– Почему вы не дадите им что-нибудь близкое, русское?
– Я не в своей власти, – ответил хозяин, – ленты мне присылают из Петербурга, да я думаю, что русское не будет занимательно, русского и так много…
По окончании французской драмы Иван Алексеевич отыскал для меня русскую ленту и поставил «Падение Великого Новгорода». Изумительна была смерть Марфы Посадницы, когда настоящий палач тяпнул ее по шее и, отрубив голову, взял за волосы и показал публике: голова была настоящая, женская. Публике очень понравилось.
– Сильное место! – воскликнул Иван Алексеевич.
– Но ведь Марфу Посадницу вовсе не казнили, она была сослана в Нижний Новгород и там умерла своей смертью. Зачем же вы неправду показываете?
Это очень задело хозяина.
– Господа! – воскликнул он. – Это я не в первый раз слышу: меня упрекают образованные люди в отсутствии принципиальности. Хорошо так говорить, а попробуйте, сделайте. Есть дела и дела; одно дело – бог, другое дело маммона, одно дело – спектакль, другое дело – зрелище. Это дело – зрелище, не спектакль, а вы смешиваете и хотите всякую вещь подвести под принципиальность. Нельзя смешивать бога с маммоной, – это для бога обидно и в человеке только производит путаницу понятий. Напрасно вы меня упрекаете, не всякая вещь имеет принципиальность!
Сказав это сильно и выразительно, Иван Алексеевич вдруг спохватился, ему представилось, что он обидел меня, человека, как он думал, принципиального и образованного. А может быть, его самого испугало это сопоставление его любимого дела с маммоной и захотелось как-то поправиться.

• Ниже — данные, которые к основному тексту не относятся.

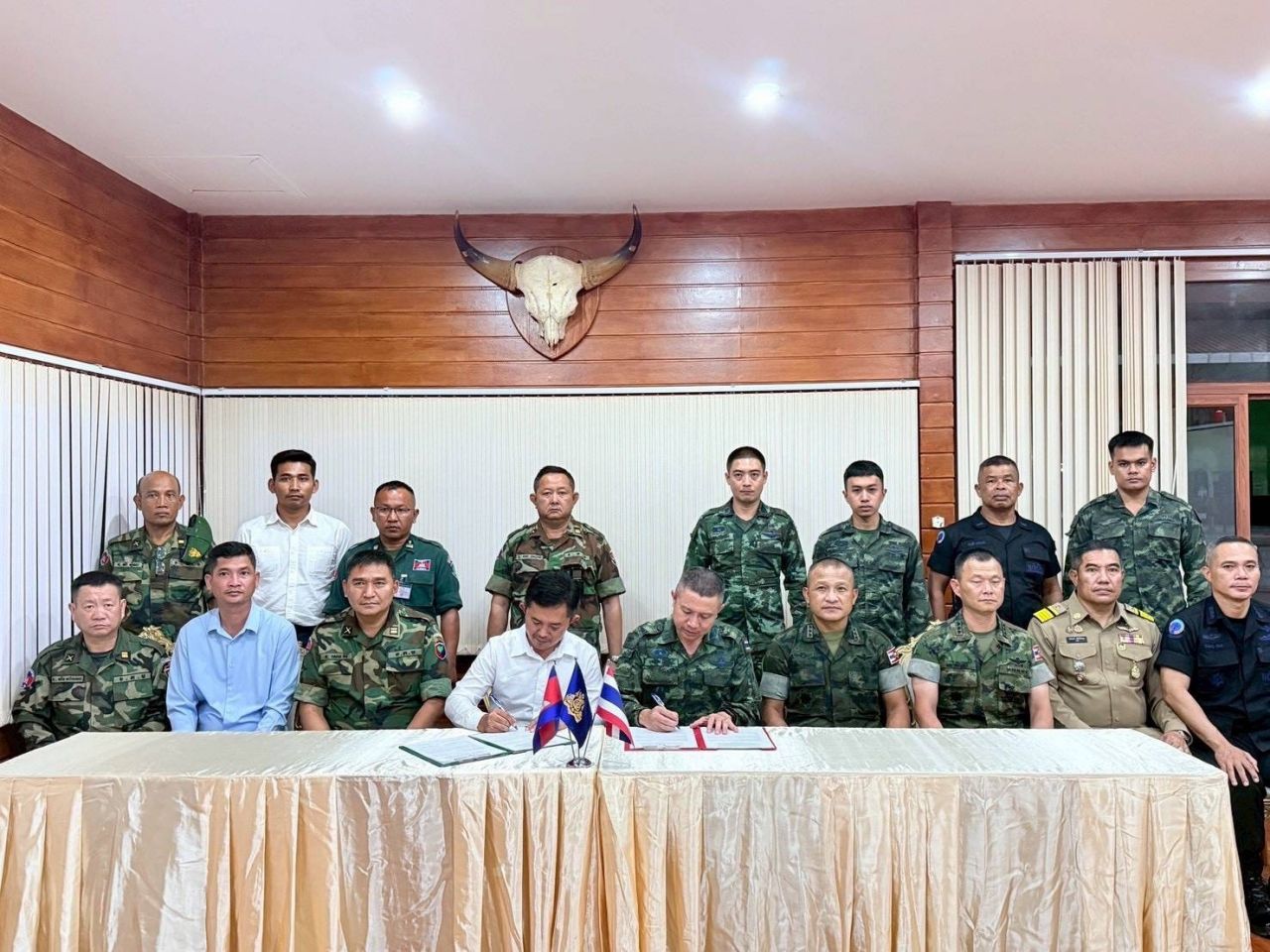 ผู้สื่อข่าวรายงานว่าก่อนหน้านี้เมื่อวันที่ 4 พ.ย.68 ที่ผ่านมาชุดสำรวจและจัดทำหลักเขตแดนร่วมไทย-กัมพูชา โดยมี พ.อ. ยุทธพล สุจริต แม่กองสนามฯ ฝ่ายไทย นายพรมเซือน วัฒนะ แม่กองสนามฯ ฝ่ายกัมพูชา ได้ร่วมหารือการจัดทำคำแนะนำทางเทคนิคในการสำรวจและกำหนดหมุดชั่วคราว ระหว่างหลักเขตแดนที่ 52-59 พร้อมทั้งได้ลงนามเห็นชอบร่วมกันในคำแนะนำทางเทคนิคฯ ดังกล่าว โดยมี น.อ. ปรัชญา หาญเทียม ผบ.ฉก.นย.จันทบุรี น.อ.แทน ทองรับแก้ว รอง ผบ.ฉก.นย.จันทบุรี น.อ. วีระเชษฐ์ ขยันทำ หน.ชค.ทพ.นย.2 และนายสิทธินนทร์ เชียรชีระสกุล กำนันตำบลเทพนิมิตร เข้าร่วมหารือฯ ณ ด่านผ่านแดนถาวรช่องโดง อ.ก็อมเรียง จ.พระตะบอง ประเทศกัมพูชา

– Господа, – сказал он, – вы обвиняете меня, считая, будто это я действую. А я вовсе не я! Разве я делаю ленты, разве я имею свой голос? Ленты делают в Париже, а я только ставлю. И даже не Париж, а, можно сказать, цивилизация, всеобщее колесо. Чтобы меня отвергать, вы должны отвергнуть цивилизацию, а нуте-ка, попробуйте ее отвергнуть! Вот, например, пантера. Кто у нас на Севере в России видел пантеру? И вдруг настоящая пантера прыгает из настоящего леса и – цап! – унесла человека в кусты, как котенка. Разве это не поучительно? Кончилась пантера – начинаются швейцарские виды, пейзаж, растительность, апельсинные деревья, Италия и Везувий. Показали географию – французская драма и самые нежные чувства любви и всевозможные препятствия к осуществлению этой любви. Кончилась любовь, началась анатомия: режут ногу, у всех на глазах вынимают из коленки чашку, а публика, – что делается с публикой! Я часто смотрю не на экран, а на свою публику: как она ужасается, как она смеется и даже негодует, так негодует, будто не лента перед ней, а самая настоящая действительность. Ну, где же это, скажите, она там у себя это переживет? Нет, господа, цивилизацию нельзя отвергать. И нельзя всякую вещь подвести под принципиальность, потому что тогда ничего не будет веселого. Есть спектакль и есть зрелище, есть бог и есть маммона, – нельзя одно с другим смешивать.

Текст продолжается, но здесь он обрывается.